На месте сбора перед пароходиком — обычные дети. Студенты лет 18—19. Милые, средние, играют в карты. Я с ними не задерживаюсь, иду спать, пока пароходик плывет. А то всю предыдущую ночь проект доделывала. Сели на пароходик, переправляемся, а я сплю. И сквозь сон слышу знакомый бюджетный «плач Ярославны»: зарплата маленькая, еще и ребенок, болеет — не на кого оставить, начальство квалификацию повышает, а зарплату — не торопится.

Прибываем, идем к лагерю. Вокруг него забор из рабицы. А на входе — настоящий шмон. Ищут алкоголь, несколько раз обшаривают личные вещи. В аэропортах гуманнее обходятся. Сразу портится настроение. «Вот и приехала в концлагерь. Сама, добровольно». Встречаю знакомую. Она в этом году ездила на Селигер, после него ее «добровольно-принудительно» отправили сюда. Она не участник, она двадцатник, руководит двадцаткой участников. «То есть капо», — думаю я. Настроение, как и у меня, унылое.

Тут строгая система иерархии. Руководитель лагеря — руководитель направления — инструктор — двадцатник. Каждый контролирует нижестоящих и свою ячейку.
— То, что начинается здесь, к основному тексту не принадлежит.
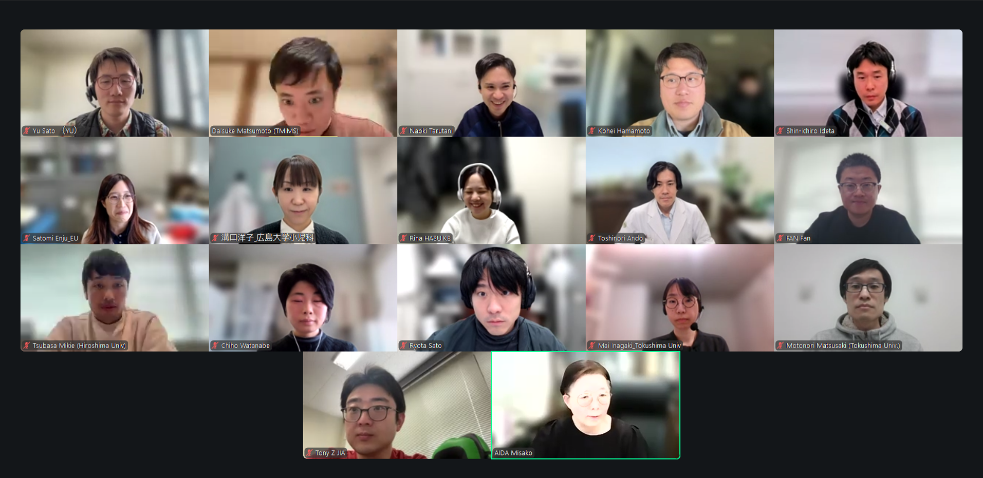 はじめに、本イベントの企画をリードし、当日の進行を担った松本 大亮博士(東京都医学総合研究所 再生医療プロジェクト)が、第2期HG教員の簡単な紹介と、進め方や目的について説明しました。その後、「共同研究と出張・渡航」をテーマに、出田 真一郎博士(広島大学 放射光科学研究所)、松﨑 元紀博士(徳島大学 先端酵素学研究所)、稲垣 舞博士(徳島大学 大学院医歯薬学研究部)、溝口 洋子博士(広島大学 大学院医系科学研究科)、樽谷 直紀博士(広島大学 大学院先進理工系科学研究科)がそれぞれ短いディスカッションをリードしました。具体的には、国内外の共同研究者との協働の重要性についての議論に加え、分野や背景、目標、コミュニケーションスタイルの異なる共同研究者との協働の際に、直面した課題や解決策について、経験談を交えた意見交換がありました。
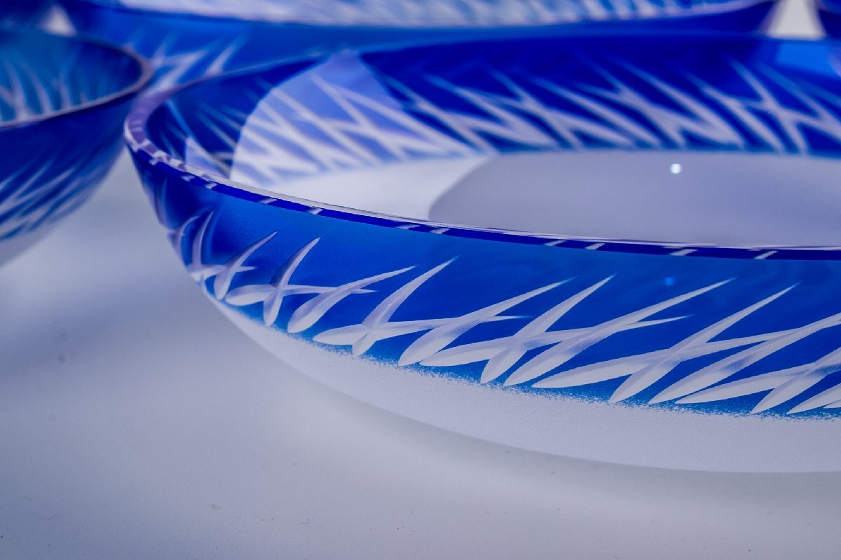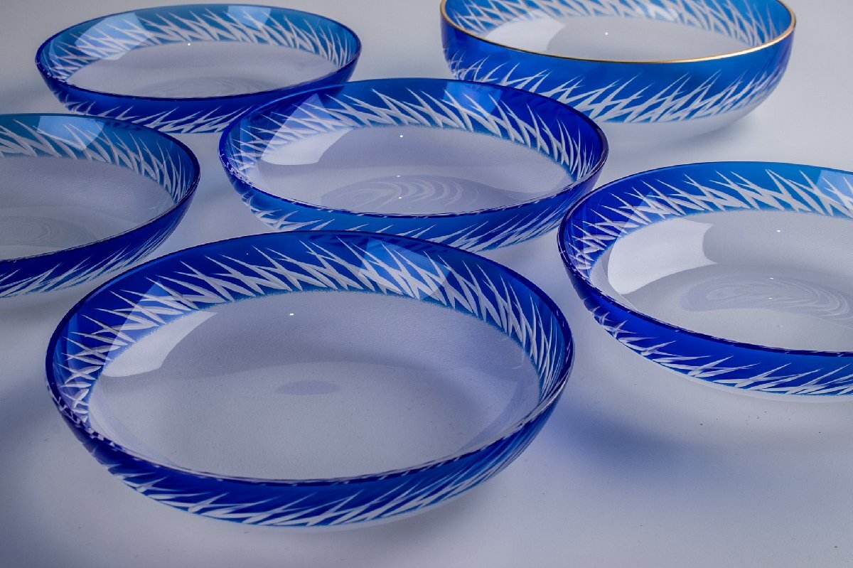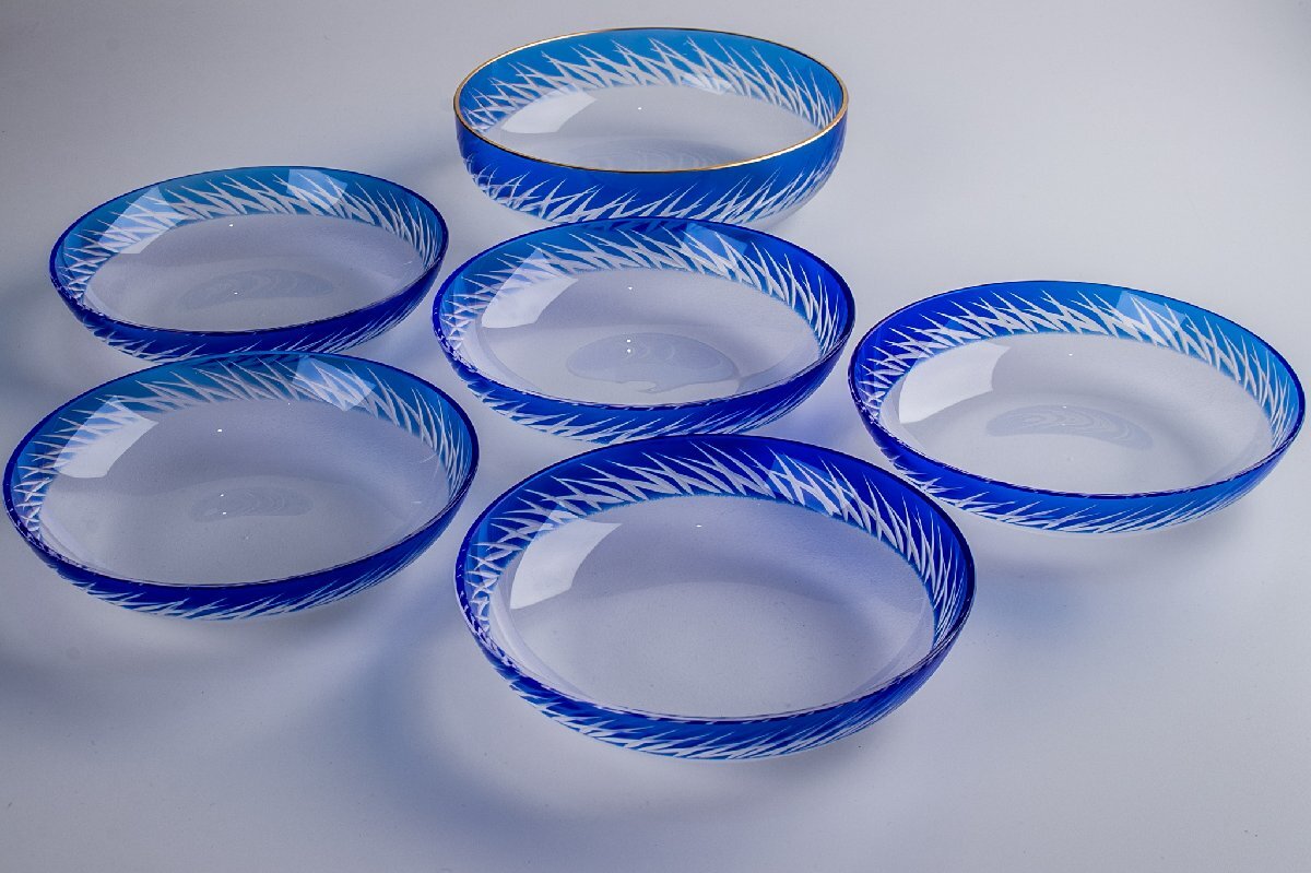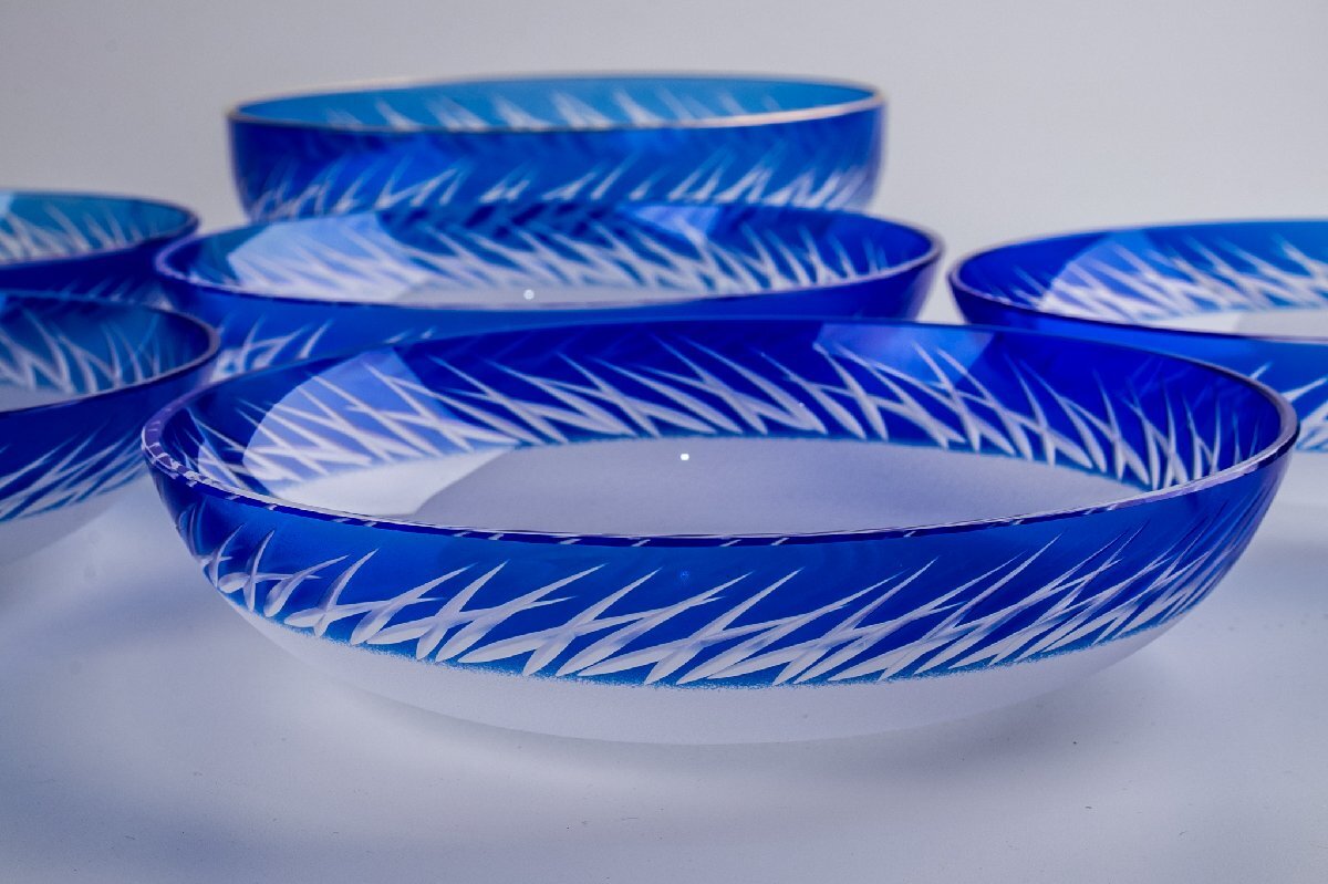 【うつわ】 河上恭一郎 瑠璃夏草文切子皿 6客 共箱 F086 古美術 骨董 古玩 茶道具 日本料理 料亭 懐石

Лагерь, соответственно, разбит на двадцатки с двадцатниками, эти присматривают за участниками, помогают в организации. Про это по прибытии нам рассказывает инструктор Катя. «Зачем это нужно? — думаю я, — Участники лагеря старше 18, некоторым моим соседям около 30-ти, многие опытные вожатые. Они сами могут присмотреть за собой, сами могут организоваться, и нарубить дров, приготовить пищу». Дальше — больше. Алкоголь в лагере под запретом. То есть вообще под запретом. Поэтому никому нельзя выходить за территорию, огороженную рабицей. Как мне потом пояснили охранники, никому, кроме дирекции. А я забыла чашки и ложку, собираясь после бессонной ночи, теперь хочу купить их или заехать за ними домой. «Только по заявлению, с разрешения дирекции» — отвечает Катя.
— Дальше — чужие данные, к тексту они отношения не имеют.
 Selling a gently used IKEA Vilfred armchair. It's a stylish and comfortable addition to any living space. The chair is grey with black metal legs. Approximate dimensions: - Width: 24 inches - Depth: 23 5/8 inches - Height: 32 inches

И тут я понимаю, в какое безвыходное положение я попала. Вокруг Босх на Кафке, всё это на охраняемой территории с рабицей и КПП, скоро будут бессмысленные занятия, с ребятами мне не о чем общаться. Это терпимо, если время от времени выбираться на дикий Сарпинский, любоваться природой, дышать воздухом. Сарпинский — отличное место, атмосферное, какое-то первобытное. Но я не смогу туда пойти. Не смогу даже купить тарелку. Не смогу затариться едой. Я в ловушке.

А Катя объясняет дальше. В лагере постоянно должен кто-то быть, иначе начнутся типичные для прошлых смен неприятности, когда у одного участника исчезает казенный спальник, и он ворует у соседей, чтоб отчитаться. Мне тут же вспоминаются типичные истории из концлагерей. Там под страхом расстрела принуждали носить форму заключенного, в числе которых — особая шапочка. А однажды ночью появлялся неизвестный, и крал одну шапочку у какого-нибудь мальчишки. И тот, чтобы выжить, крал чужую, обрекая на расстрел незнакомого человека. Тут — то же самое, только вместо расстрела — материальная ответственность.
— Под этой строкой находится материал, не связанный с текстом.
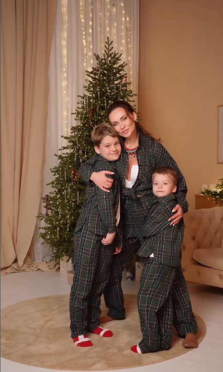 У своєму Instagram опублікувала відео, на якому позувала разом із синами - 10-річним Глібом і п'ятирічним Микитою - біля новорічної ялинки.
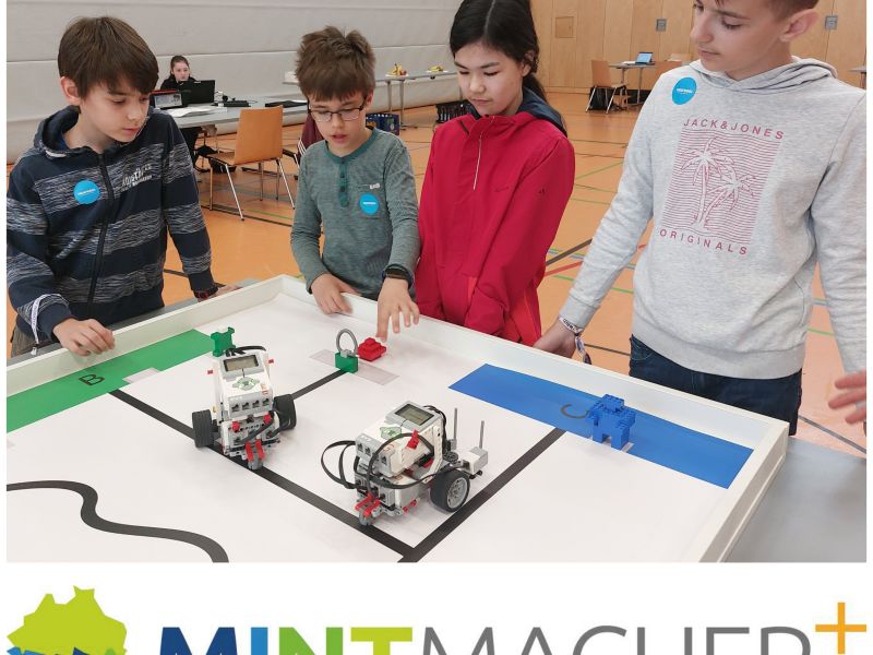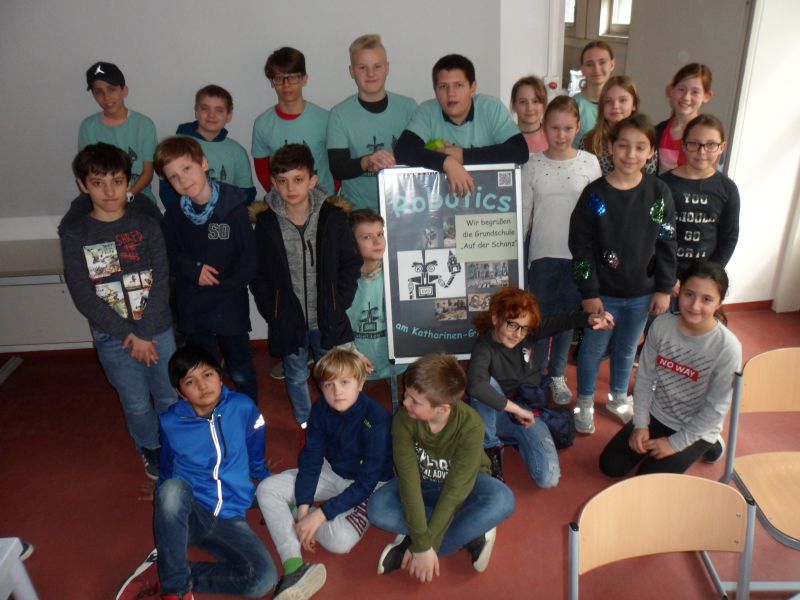 Bereits das dritte Schuljahr waren die Schüler und Schülerinnen des Wahlfaches Robotics im März mit ihren EV3s aktiv. Zuerst wurde für einen Vormittag die Grundschule in Etting besucht, eine Woche später kamen alle fünf Klassen der Grundschule „Auf der Schanz“ zu uns ans Katharinen-Gymnasium.

По лагерю ходить можно только с бейджем. За каждое нарушение режима – прокол. Три прокола, и выставляют из лагеря. Каждое утро в 9.00 — обязательная зарядка. Являться всем. Тем, кто остается в лагере — прокол. Посещение занятий обязательно. Не посещающим — прокол. После часа ночи отбой. Никаких гитар, никаких посиделок, иначе разгонит охрана. А она церемониться не будет. Кстати, казенные палатки, хоть и 2×2 метра, четырехместные. А некоторые из смен по техническим причинам остались без палаток. Поэтому нас будут уплотнять, чтоб в палатке было по 4 человека.

Катя не выглядит как штурменфюрер. Она обычная вожатая на позитиве, но от ее слов мне хочется захватить заложников. К тому же, неподалеку развиваются флаги «Молодой гвардии Единой России». «Спать с четырьмя нашистами? Только через мой труп!» — думаю я, и выдаю Кате длинную тираду о том, что все это похоже на Совок и концлагерь, что я сюда приехала защищать проект, а не тусоваться в сомнительной компании, а для этого достаточно одного дня, и что меня хотят держать в этом месте неделю с посторонними целями, очевидно, чтобы приучить к Совку 2.0. Бедная хорошенькая Катя, очевидно, никогда об этом не задумывалась, поэтому залепетала об организационных трудностях, и что никто не заставляет. Еще бы. Пусть только попытаются заставить, я тут устрою Брейвика 2. Зато в палатке я осталась одна.

Но проект защищать надо, не могу же я подвести Светлану Николаевну. Поэтому я иду искать сочувствующего нам Сашу, который на «Повышении квалификации». Созваниваемся, я иду искать его.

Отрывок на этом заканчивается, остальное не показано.